* [Your assignment]:
Copy exactly, and only, the lines between the start of the entries below and the line containing "昨天中午,結(jié)束首場", both inclusive. Omit pictures.

* [Provided records]:
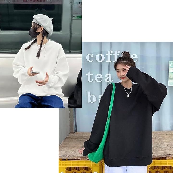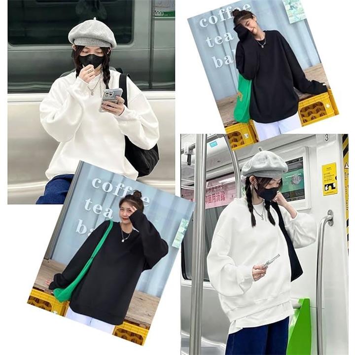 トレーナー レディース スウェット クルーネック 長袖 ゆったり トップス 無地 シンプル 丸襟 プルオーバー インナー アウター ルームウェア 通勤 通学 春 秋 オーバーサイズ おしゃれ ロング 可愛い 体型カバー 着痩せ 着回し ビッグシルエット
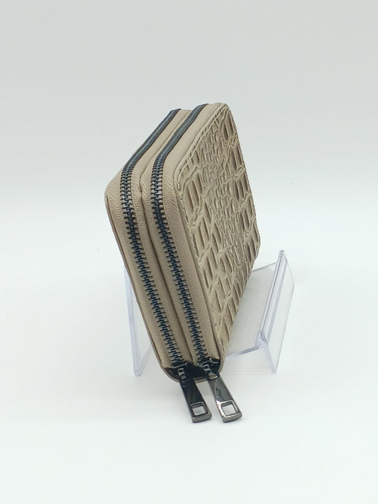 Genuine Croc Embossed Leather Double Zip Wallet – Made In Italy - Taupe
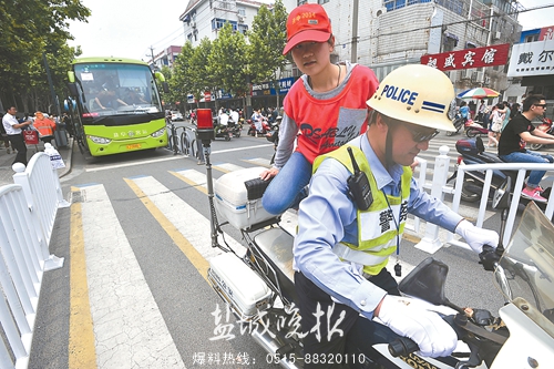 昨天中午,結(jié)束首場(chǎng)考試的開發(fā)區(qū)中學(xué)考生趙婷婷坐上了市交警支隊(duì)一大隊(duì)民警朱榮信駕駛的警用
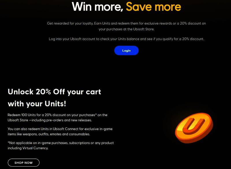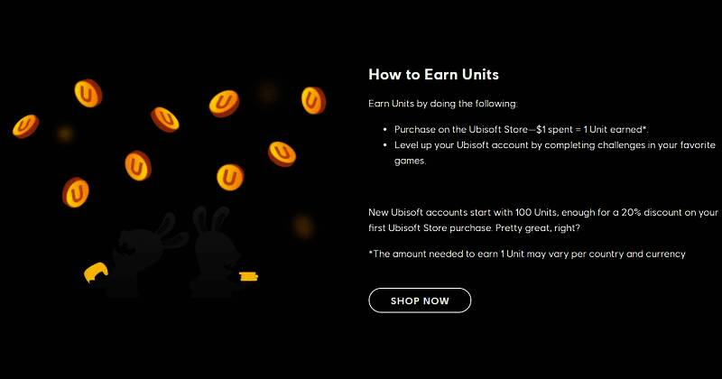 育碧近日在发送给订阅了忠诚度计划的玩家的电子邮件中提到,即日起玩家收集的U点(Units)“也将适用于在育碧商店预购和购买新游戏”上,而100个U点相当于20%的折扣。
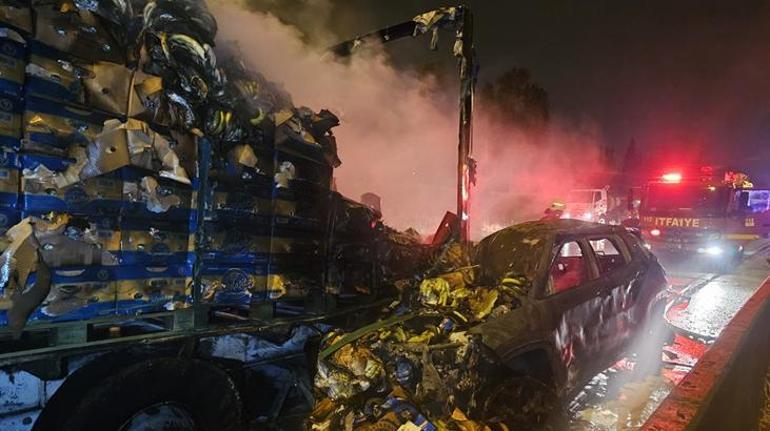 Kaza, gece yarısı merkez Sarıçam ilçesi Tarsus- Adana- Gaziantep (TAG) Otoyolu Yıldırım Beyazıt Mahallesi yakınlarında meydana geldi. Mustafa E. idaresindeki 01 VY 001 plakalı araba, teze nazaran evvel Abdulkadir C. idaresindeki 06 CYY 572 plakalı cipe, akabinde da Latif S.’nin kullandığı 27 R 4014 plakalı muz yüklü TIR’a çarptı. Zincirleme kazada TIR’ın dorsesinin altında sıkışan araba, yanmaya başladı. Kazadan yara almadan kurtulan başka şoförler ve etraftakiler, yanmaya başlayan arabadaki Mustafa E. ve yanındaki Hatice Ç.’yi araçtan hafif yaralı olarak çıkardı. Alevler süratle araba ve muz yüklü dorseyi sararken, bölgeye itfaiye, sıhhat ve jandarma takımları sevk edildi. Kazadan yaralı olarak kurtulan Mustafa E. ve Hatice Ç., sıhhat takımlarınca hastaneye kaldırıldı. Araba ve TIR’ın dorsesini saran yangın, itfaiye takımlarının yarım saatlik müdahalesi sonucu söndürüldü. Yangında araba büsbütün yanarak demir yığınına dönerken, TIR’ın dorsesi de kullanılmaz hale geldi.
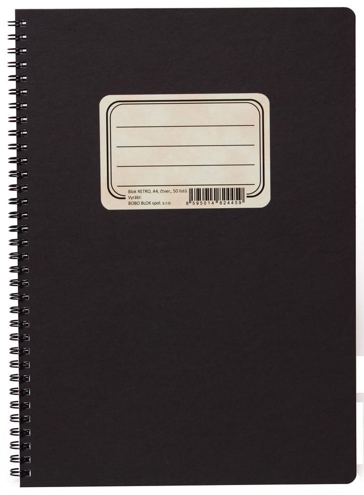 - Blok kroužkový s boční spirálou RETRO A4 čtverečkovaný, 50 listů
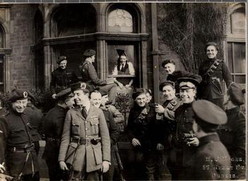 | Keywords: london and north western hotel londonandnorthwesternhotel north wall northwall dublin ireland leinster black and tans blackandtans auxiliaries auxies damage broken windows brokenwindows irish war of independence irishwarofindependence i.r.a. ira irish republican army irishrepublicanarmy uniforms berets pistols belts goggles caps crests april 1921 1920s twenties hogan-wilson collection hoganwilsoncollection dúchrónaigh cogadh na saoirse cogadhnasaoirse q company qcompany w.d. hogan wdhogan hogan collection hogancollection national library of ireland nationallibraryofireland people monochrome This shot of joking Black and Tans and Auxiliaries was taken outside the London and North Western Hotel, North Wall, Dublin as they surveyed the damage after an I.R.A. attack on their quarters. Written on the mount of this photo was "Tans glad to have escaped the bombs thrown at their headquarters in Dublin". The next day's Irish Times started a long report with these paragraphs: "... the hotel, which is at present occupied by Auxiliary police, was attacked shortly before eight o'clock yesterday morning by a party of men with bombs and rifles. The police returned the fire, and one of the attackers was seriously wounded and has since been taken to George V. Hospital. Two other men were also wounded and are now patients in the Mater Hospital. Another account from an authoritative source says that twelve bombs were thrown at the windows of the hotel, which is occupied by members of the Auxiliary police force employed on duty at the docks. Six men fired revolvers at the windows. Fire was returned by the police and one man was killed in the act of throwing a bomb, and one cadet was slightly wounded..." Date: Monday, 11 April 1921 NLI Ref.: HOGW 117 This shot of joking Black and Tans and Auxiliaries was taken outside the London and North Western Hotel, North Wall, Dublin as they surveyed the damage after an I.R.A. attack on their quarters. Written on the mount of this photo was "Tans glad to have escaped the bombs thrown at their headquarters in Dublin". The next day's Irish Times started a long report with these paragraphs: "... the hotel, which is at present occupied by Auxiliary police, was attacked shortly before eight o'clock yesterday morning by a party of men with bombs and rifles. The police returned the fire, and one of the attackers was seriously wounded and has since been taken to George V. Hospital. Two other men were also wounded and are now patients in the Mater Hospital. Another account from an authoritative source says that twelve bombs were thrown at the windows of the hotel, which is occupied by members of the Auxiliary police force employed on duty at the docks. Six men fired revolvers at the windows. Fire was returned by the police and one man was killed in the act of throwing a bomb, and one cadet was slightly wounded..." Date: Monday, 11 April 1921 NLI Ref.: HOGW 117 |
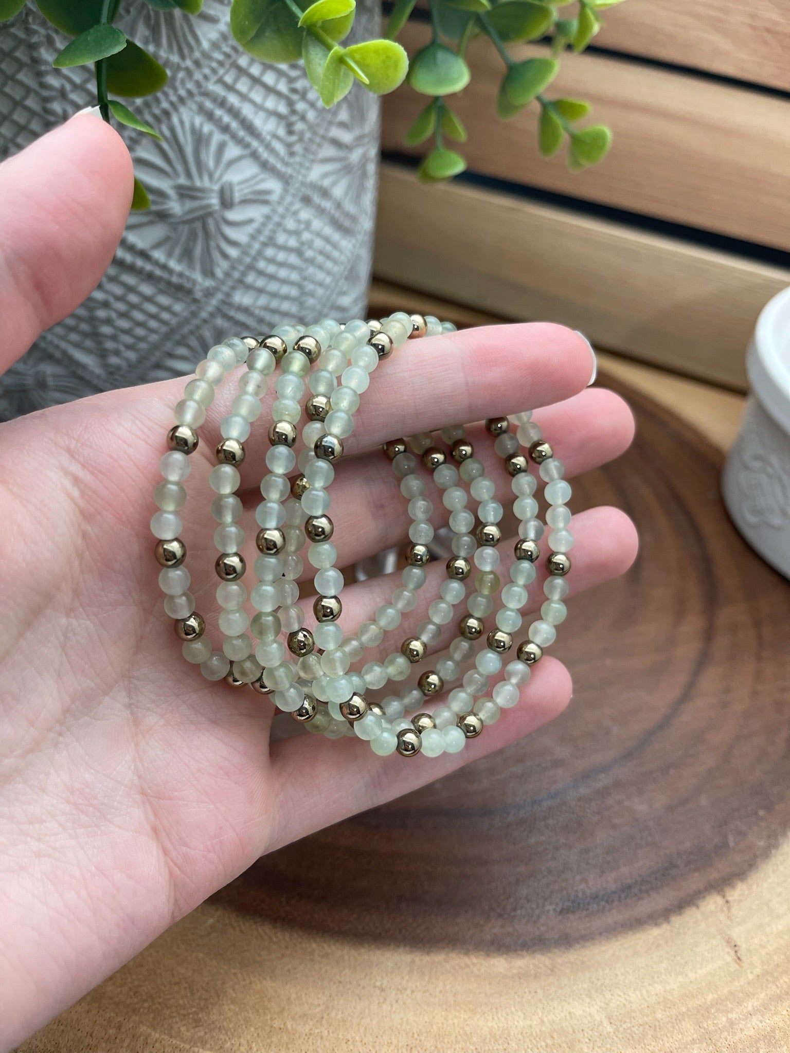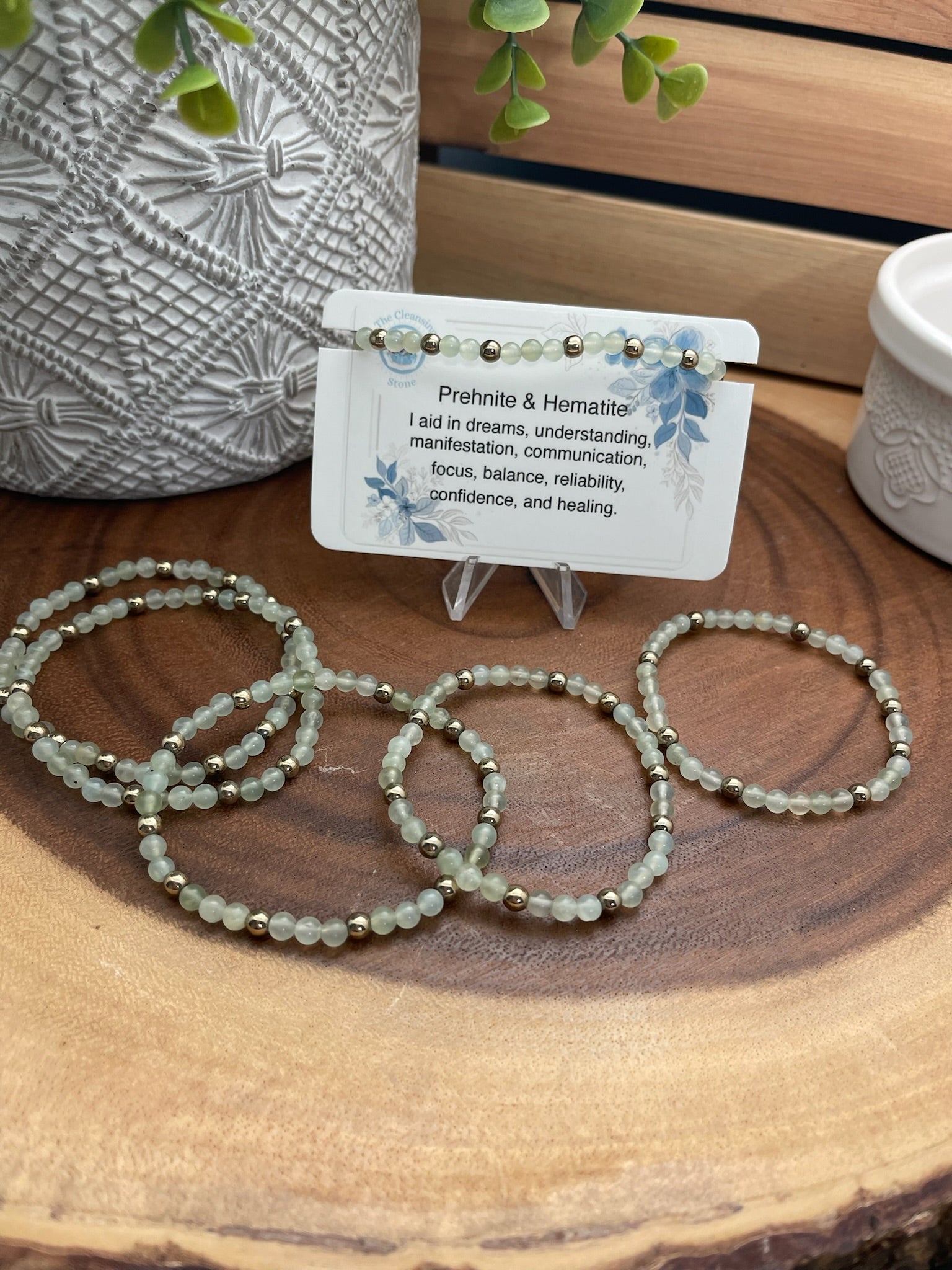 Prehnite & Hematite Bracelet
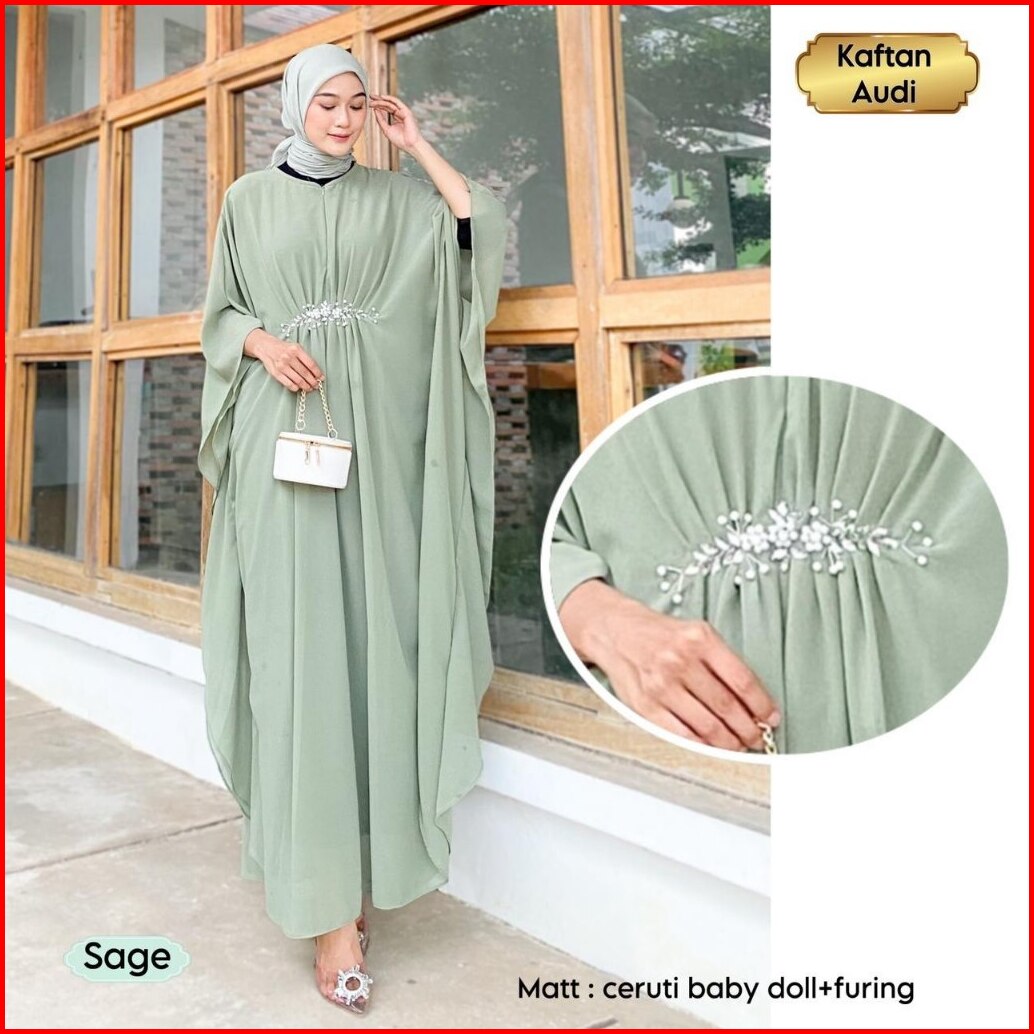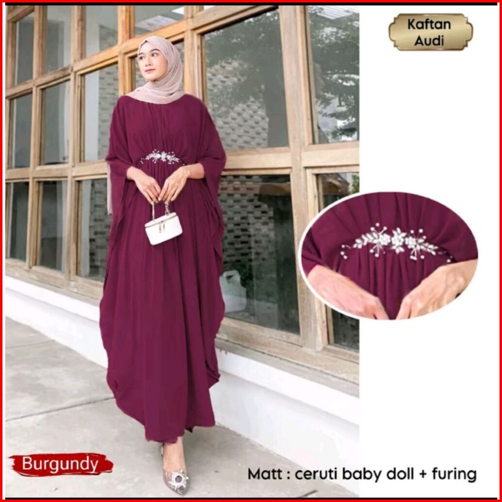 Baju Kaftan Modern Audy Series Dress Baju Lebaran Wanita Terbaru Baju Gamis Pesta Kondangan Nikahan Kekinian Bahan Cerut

* [Output below]:
 トレーナー レディース スウェット クルーネック 長袖 ゆったり トップス 無地 シンプル 丸襟 プルオーバー インナー アウター ルームウェア 通勤 通学 春 秋 オーバーサイズ おしゃれ ロング 可愛い 体型カバー 着痩せ 着回し ビッグシルエット
 Genuine Croc Embossed Leather Double Zip Wallet – Made In Italy - Taupe
 昨天中午,結(jié)束首場(chǎng)考試的開發(fā)區(qū)中學(xué)考生趙婷婷坐上了市交警支隊(duì)一大隊(duì)民警朱榮信駕駛的警用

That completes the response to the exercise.